A good memory makes you a better investor

A good memory makes you a better investor

Investing can sometimes feel a game of chess. Things follow some basic rules, but the rules are so flexible that an enormous amount of variation is possible. But when people play enough games, they tend to get better because they remember in the past that turned out to be successful. But in the investment world the rules are constantly changing, so how do chess players respond when you change the rules, and what can we learn about investments?

In 1996, former chess brandmaster Bobby Fischer Chess960 was published. It is an intriguing concept to help chess players train their mental flexibility. The idea is that the rules of the game remain the same and pawns remain in their usual position at the start of a game. But behind them the figures are randomly shaken. The only two conditions that must be met are that bishops must be on the opposite squares and the king must be placed between the tower to pour. If that sounds complicated, consult the screenshot below for an example of the starting board.

Example of a starting board of a chess 960

Source: Salant et al. (2025)

As you can see, this presents a wonderful parallel with investing, because the basic rules are known, but the concrete situation that is in control is unknown and new. Chess960 is indeed mentioned in this way because there are 960 different starting boards, much less than real-life variations on financial markets, but enough to perform an experiment.

A team of Northwestern University Asked for around 147,000 chess players from different skill levels to play these games from Chess960 and measured the quality of their movements. In this study they mainly investigated the opening movement because all chess players tend to remember opening movements. The difference is that more experienced and higher players have remembered more movements.

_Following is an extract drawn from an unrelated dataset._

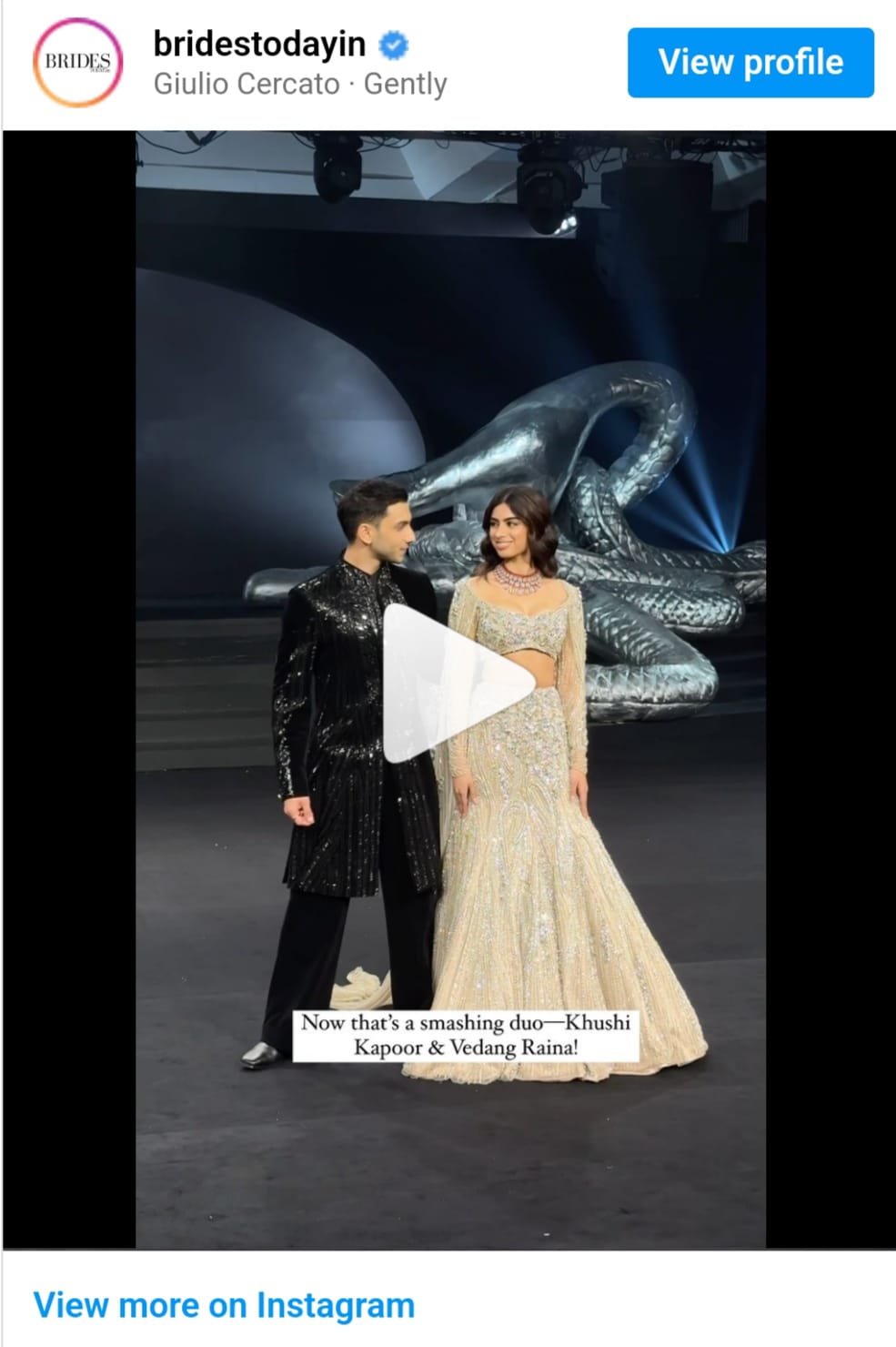 To complement Khushi's outfit, Vedang opted for a jet-black sherwani embellished with beadwork. As per the news 18 report, he said, "Gaurav’s visionary artistry is unparalleled. His ability to transform fabric into wearable art is extraordinary. I am thrilled to be a part of his vision and this collection"

The graph below shows how often players chose a specific movement as a function of the quality of the relocation (based on the Centipawn -scaleWho measures the advantage that a player wins by making the move).

Frequency of chosen movements

Source: Salant et al. (2025)

A few things stand out in the graph. Firstly, better movements with a higher centipawn rating are chosen more often. Movements that are part of the remembered set of opening movements that a player has, however, are chosen much more often than movements that the player has not remembered. Secondly, movements that a player did not remember are selected less often than chance. And third, even the best possible movement that a player can make, but has not remembered, chosen less often than the worst possible movement that a player can make and remembers.

The latter is what the authors of the study call a memory premium. The lower costs for collecting a specific movement from the memory compared to analyzing the unknown situation fresh and without prejudice make us opt for suboptimal movements.

And as you may have guessed, I think that is what is happening in the investment world. People are often standard in Heuristics, where they do what has worked in the past. As Richard Feynman liked to say: “Similar problems have similar solutions”.

That works in the sciences where the laws of nature are unchangeable, but it does not work in situations where the rules change. As we know from Bergen of research into behavioral economics, Heuristics can take us astray as investors.

But what this experiment shows me is that there is a consequence: the better your memory of past events, the more options are immediately available to you when you encounter an unknown situation. And that enables you (at least in theory) to make better choices.